> _Task_: Give all of the data below again exactly, and drop the images.

> _Material provided_:

== Segment start ==

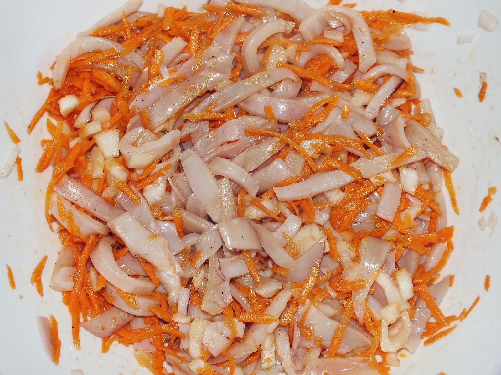 Затем режем кальмары полукольцами. Морковь чистим и трем на крупной терке. Лук порезать кубиком.
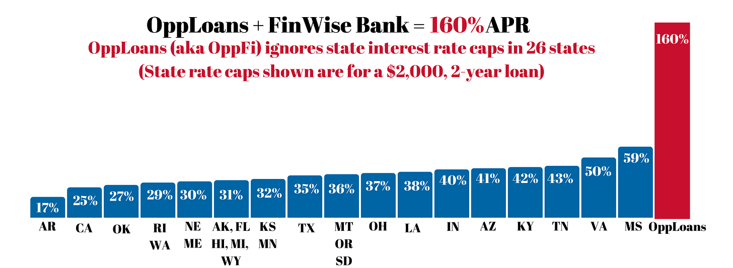 A new graphic provided by the National Consumer Law Center (NCLC) demonstrates how online lender OppLoans violates state interest rate caps and charges 160% interest rates by using a “rent-a-bank” scheme. Such schemes are allowable under a Trump-era rule authorized by the Office of the Comptroller of the Treasury.
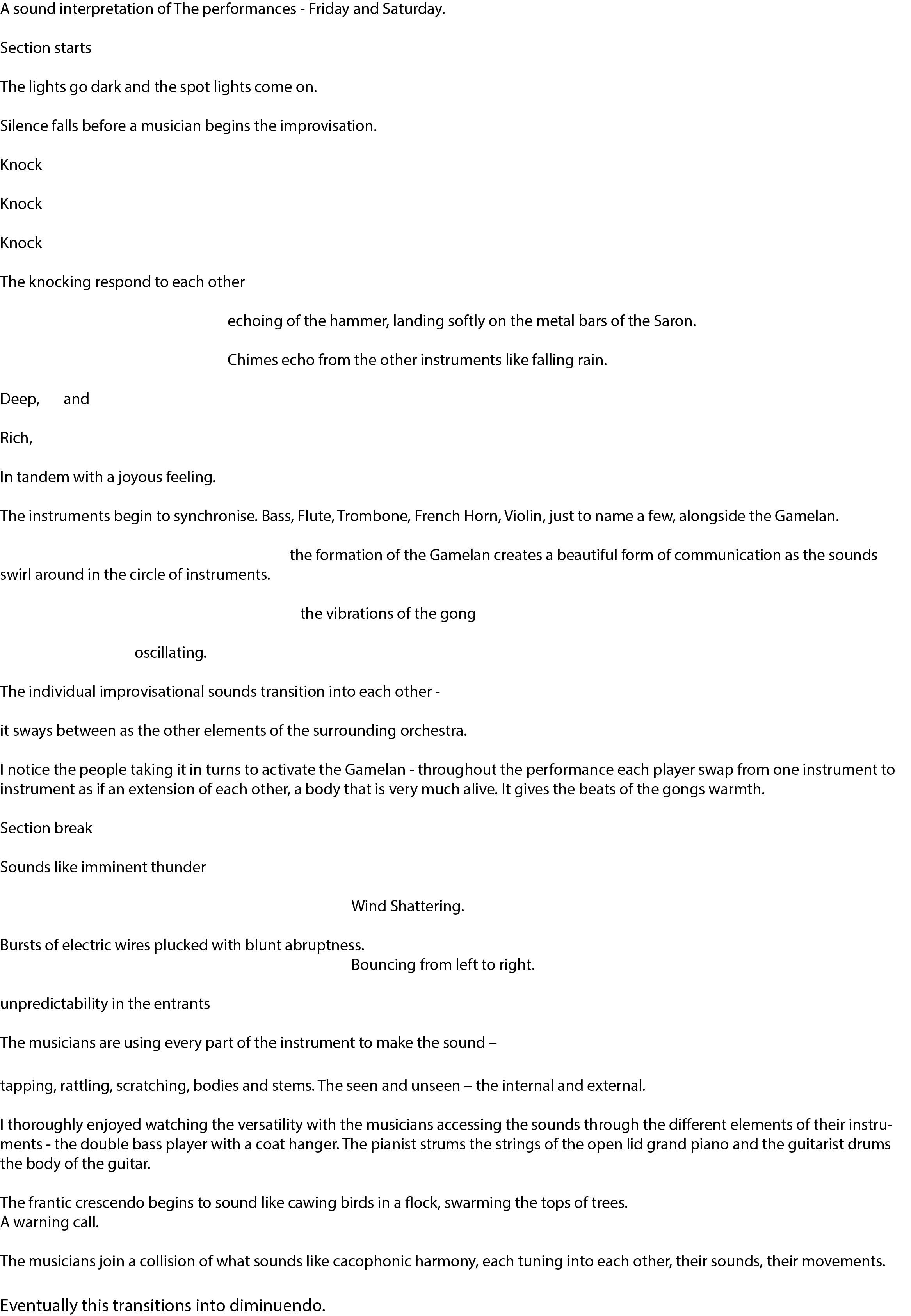 An interesting observation about improvisation that I noticed over the festival was: connecting with how music is played and interpreted. The need to see music outside the constraints of ‘traditional’ music playing allows music to be envisioned as an entirely embodied experience.

== Segment end ==

> _The completed task_:
 Затем режем кальмары полукольцами. Морковь чистим и трем на крупной терке. Лук порезать кубиком.
 A new graphic provided by the National Consumer Law Center (NCLC) demonstrates how online lender OppLoans violates state interest rate caps and charges 160% interest rates by using a “rent-a-bank” scheme. Such schemes are allowable under a Trump-era rule authorized by the Office of the Comptroller of the Treasury.
 An interesting observation about improvisation that I noticed over the festival was: connecting with how music is played and interpreted. The need to see music outside the constraints of ‘traditional’ music playing allows music to be envisioned as an entirely embodied experience.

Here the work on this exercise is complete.